QuPath Visualization/Segmentation
Michael X. Henderson
Abstract
This protocol describes QuPath visualization/segmentation.
Attachments
Steps
QuPath Visualization/Segmentation
Open QuPath . Click “Create Project.”
Upload series of images into new project on QuPath. Don’t worry about what the images are named or how they are ordered yet.
Adjust settings for images prior to import. Our typical settings are shown in the image to the right, although these may change (for example, for fluorescent images).
Image Export for Registration
Click File > Export images > Original pixels > Export format (PNG), Downsample factor (12.0).
Save in QVN folder with appropriate Naming Designation of choice.
Move images to the QVN folder.
Color Deconvolution
This defines what QuPath will see as brown and what it will see as blue. Color settings should be kept constant for a project. Generally, settings should be similar as long as you are using the same chromogen and same microscope. However, we have found that the default settings in QuPath are not ideal so these settings will need to be changed in each project. This can be done with a simple analysis script. Information on Setting Stain Vectors in QuPath is included in the Appendix. Set the color deconvolution by going to the “Image” tab. Draw a rectangle over the desired color from pathology (be as specific as possible).
Click on the “Image” tab.
Draw a rectangle over a pure brown part of the image (9 pixels+).
Click on the “DAB” and it will ask you if you want to “Set stain vector from ROI” and click yes.
If you are doing multiple images, go to the “Workflow” tab and click on “Set color deconvolution stains” under it and click “create script” and run the script it has automatically created you for all images.
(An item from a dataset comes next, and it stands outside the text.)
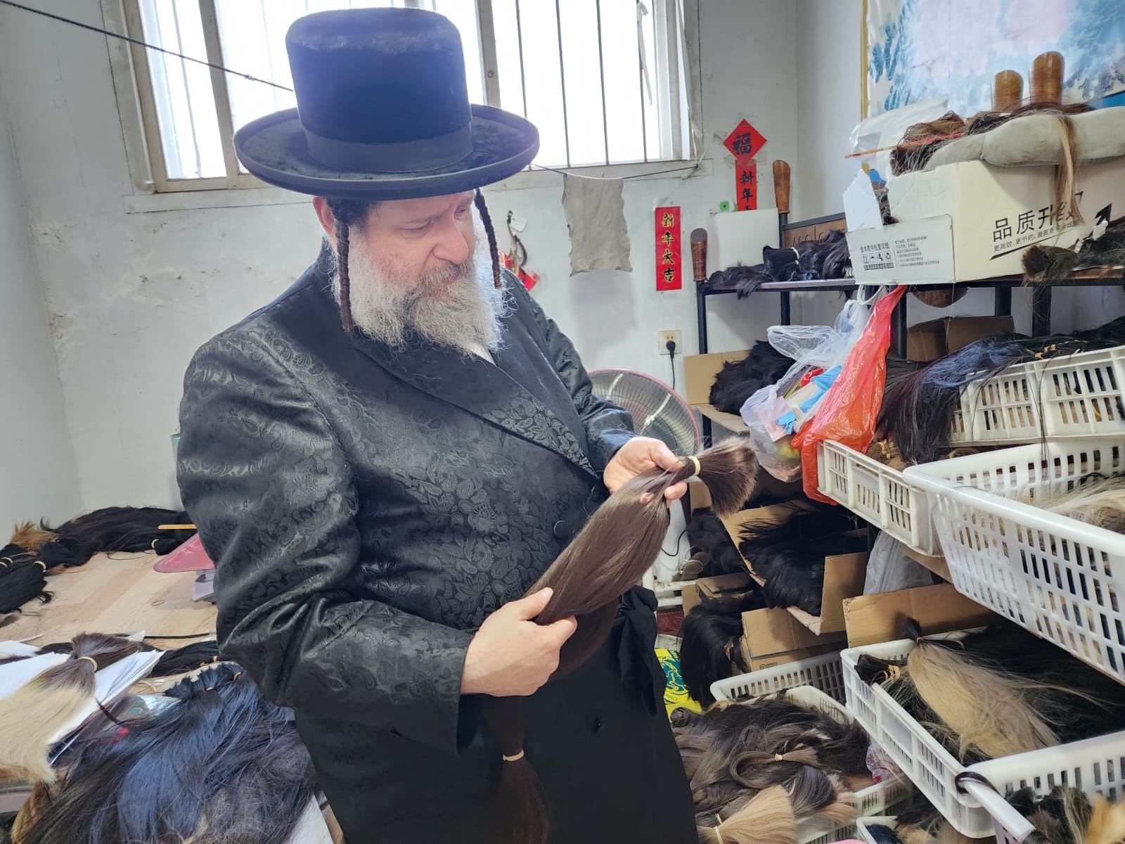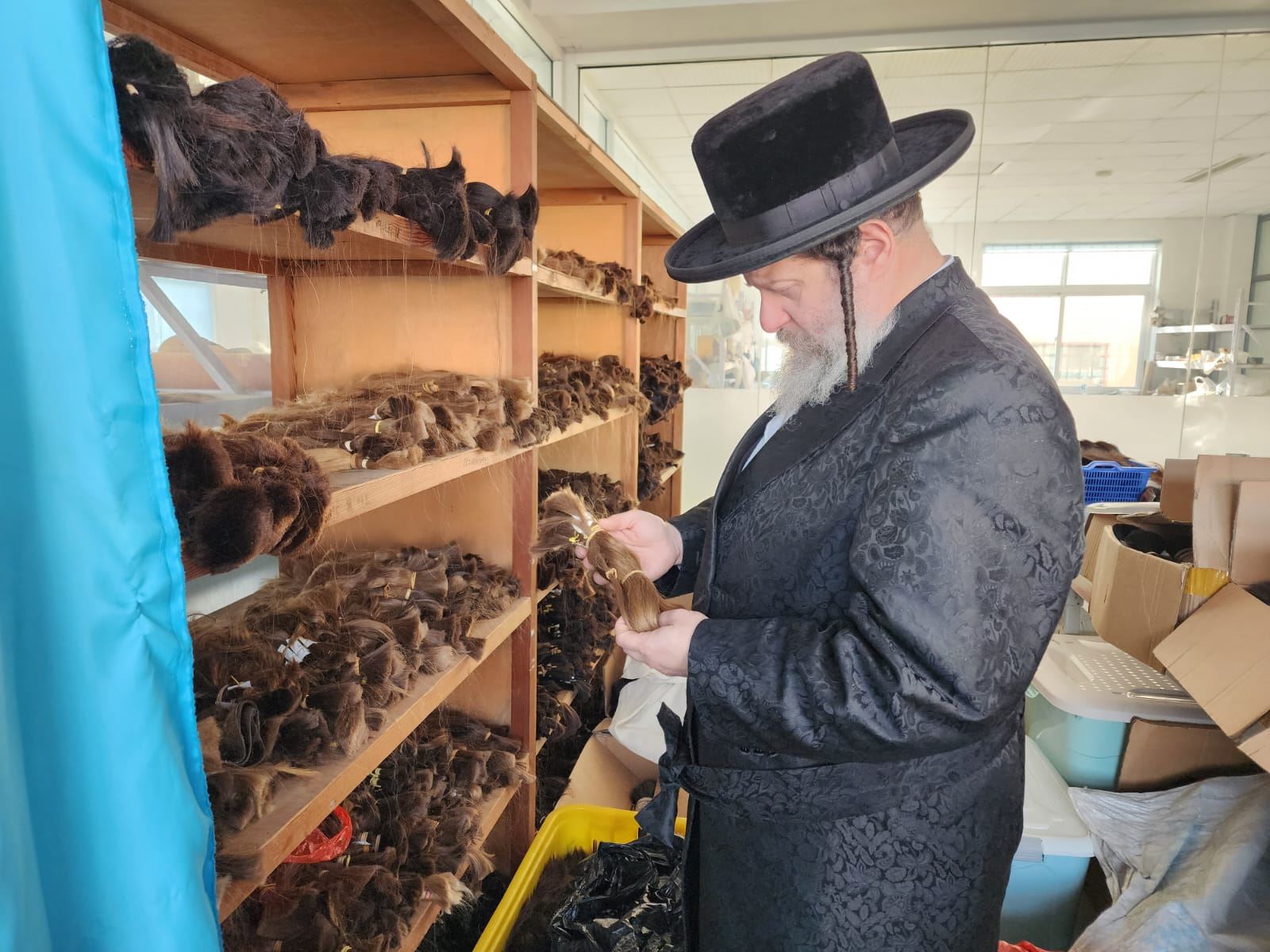 מה לרב ולפיאות נשים? תמונות שהגיעו אלינו מאות מחזה בלתי שגרתי, שבו נראה האדמו"ר משאץ שליט"א כשהוא בוחן שיער המיועד לייצור פיאות. מה לרב ולשיער לפיאות?

You NEED to do this before setting your thresholder and running it for consistent results.
Segmentation
Name each annotation with abbreviated name designation found in the final column of the QUINT section log and described in Step 7.
Right click on the rectangle annotation in the annotation tab and select “Set Properties”.
Write the abbreviated name you would like your input file to be denoted as in the ‘Name’ box and select ‘OK’.
Repeat for all desired annotations.
Load your classifier for this project: Classify > Pixel classification > Load pixel classifier.
Choose the correct classifier and “Any annotations.” Click “Create Objects.”
Create objects: leave settings as they are, and click “OK.”
Click “Annotations” tab. Navigate to Annotations tab on the left side of the program screen and click it. Find the Annotation (Geometry) you just generated. Right click the row and select “Unlock”.
Remove artifactual stain (see Appendix for examples; bubbles, edge effect, vasculature).
To erase, hold down the Alt key while erasing artifacts.
After completing erase of artifact select “Automate” > Show script editor.
Script Editor: enter the script listed below into the box at line “1” and press Crtl + R to run. This will create your segmentation images that will be used in Nutil.
Code to Run:
import qupath.lib.images.servers.LabeledImageServer
def imageData = getCurrentImageData()
// Define output path (relative to project)
def name = GeneralTools.getNameWithoutExtension(imageData.getServer().getMetadata().getName())
def pathOutput = buildFilePath(PROJECT_BASE_DIR, 'export', name)
mkdirs(pathOutput)
// Export at full resolution
double downsample = 1.0
// Create an ImageServer where the pixels are derived from annotations
def labelServer = new LabeledImageServer.Builder(imageData)
.backgroundLabel(0, ColorTools.WHITE) // Specify background label (usually 0 or 255)
.downsample(downsample) // Choose server resolution; this should match the resolution at which tiles are exported
.addLabel('Positive', 1) // Choose output labels (the order matters!)
.multichannelOutput(false) // If true, each label refers to the channel of a multichannel binary image (required for multiclass
probability)
.build()
// Export each region
int i = 0
for (annotation in getAnnotationObjects()) {
name = annotation.getName()
if (annotation.getROI().getRoiName() == "Rectangle") {
def region = RegionRequest.createInstance(
labelServer.getPath(), downsample, annotation.getROI())
i++
def outputPath = buildFilePath(pathOutput, name + '.png')
writeImageRegion(labelServer, region, outputPath)
}}
Find exported images in your folder scheme under QuPath\export . The segmentation image should be a black and white image with objects in black. The images should be the exact same dimensions of the earlier region of interest image you created as a PNG with a downsize factor of 12.
Plate the image and place into “ Input ” folder that will be used in final Nutil step.